Attachment #367152 - Attachment mime type: application/octet-stream → text/plain
I didn't set that, but there are base64 encoded images which use valid data: uri's, so I am going to guess that some internal bugzilla system is picking it up as binary data.  Comment 13 has a sample of what I am talking about

   data:image/png;base64,iVBORw0KGgoA.... 

There are whole reftest images embedded in the log.  They were in the logs before I touched the output.  These files can be viewed perfectly fine as plain text.
Attachment #365377 - Attachment mime type: application/octet-stream → text/plain
Adds an autoconf option to disable unit test timestamps.  Seperated from xpcshell patch as this is not specifically dependent or required for that patch.
Attachment #365377 - Attachment is obsolete: true
Attachment #367537 - Flags: review?(ted.mielczarek)
Attached patch xpcshell harness patch (obsolete) — Splinter Review
PCShell unit test harness patch.  Rewritten to take into account rewrite of test_*.sh.  Autoconf option is not specifically hooked into this code, though, I could check environmental variables before printing timestamps.  I have also added a --no-timestamps option which could given to the runxpcshelltests.py program when the environmental variable is set.
Attachment #367538 - Flags: review?(ted.mielczarek)
Attachment #365376 - Attachment is obsolete: true
Attachment #367537 - Flags: review?(ted.mielczarek) → review-
Comment on attachment 367537 [details] [diff] [review]
adds an autoconf option

+TESTING_TIMESTAMPS = @TESTING_TIMESTAMPS@

Convention is to have boolean flags in autoconf.mk named "MOZ_FOO", so please rename this to MOZ_TESTING_TIMESTAMPS.

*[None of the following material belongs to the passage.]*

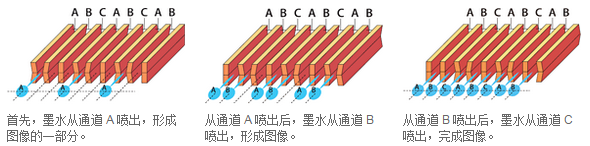 柯尼卡美能達(dá)的按需供墨壓電式打印頭使用節(jié)能的 3 周期驅(qū)動(dòng)技術(shù)。此技術(shù)將噴嘴分成 3 組分別進(jìn)行定時(shí)噴墨控制。由于此方法采用高噴嘴密度結(jié)構(gòu),所以在開發(fā)高圖像品質(zhì)噴墨打印頭方面非常有效。

+MOZ_ARG_DISABLE_BOOL(testing-timestamps, [--disable-testing-timestamps disbles timestamps on tests],
+    TESTING_TIMESTAMPS=0, TESTING_TIMESTAMPS=1)

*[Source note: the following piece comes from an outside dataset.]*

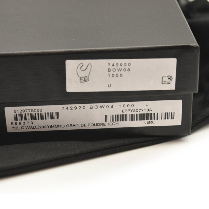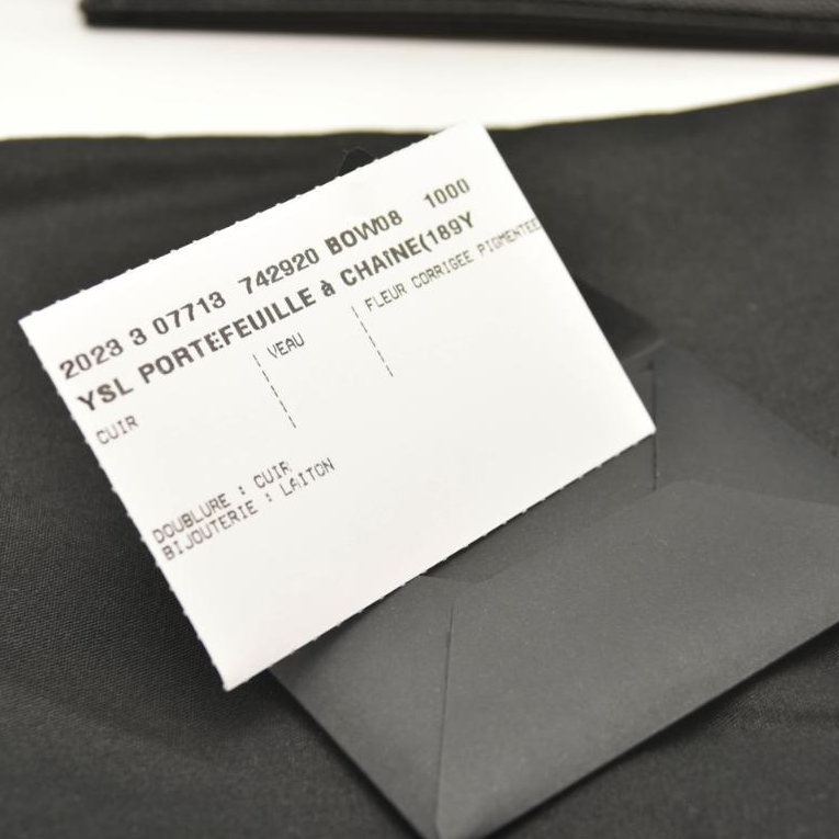 NEW SAINT LAURENT Grain De Poudre Matelasse Chevron Monogram Chain Wallet Black Noir

When it's not set, convention is to leave it blank, so:
MOZ_ARG_DISABLE_BOOL(testing-timestamps, [--disable-testing-timestamps disbles timestamps on tests],
   TESTING_TIMESTAMPS=, TESTING_TIMESTAMPS=1)

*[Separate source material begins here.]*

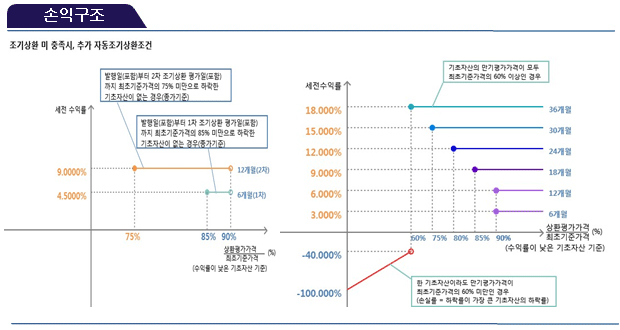 | [2차] 자동조기상환평가일에 각 기초자산의 종가 중 하나라도 90% 미만이고 발행일부터 [2차] 자동조기상환평가일까지 각 기초자산의 종가 중 어느 하나도 최초기준가격의 75% 미만으로 하락한적이 없는 경우 (종가기준) | 9.00% (연 9.00%) |

Also you have a typo in your help text there.

You're intending for this to be the default option, as well? In that case, does it even make sense to have this as an option? Why would anyone care to turn it off?

r- just to get an answer there (and an updated patch with nits addressed).
Comment on attachment 367538 [details] [diff] [review]
xpcshell harness patch

+      if timestamps: print str(time()) + " |",

Please put the body of the if statement on the next line, indented. I don't like single-line if statements in Python. I'm also not wild about the comma to avoid the newline. Could you use sys.stdout.write() instead there?

r+ with that fix.
Attachment #367538 - Flags: review?(ted.mielczarek) → review+
Depends on: 479976
(In reply to comment #0)

> BUILDID/BUILDTIME | TESTTIME | TESTNAME | MACHINE(from this we can map to OS) |
> MSG | link to full log

What is the interest in TESTTIME ? Isn't BUILDID/BUILDTIME enough ?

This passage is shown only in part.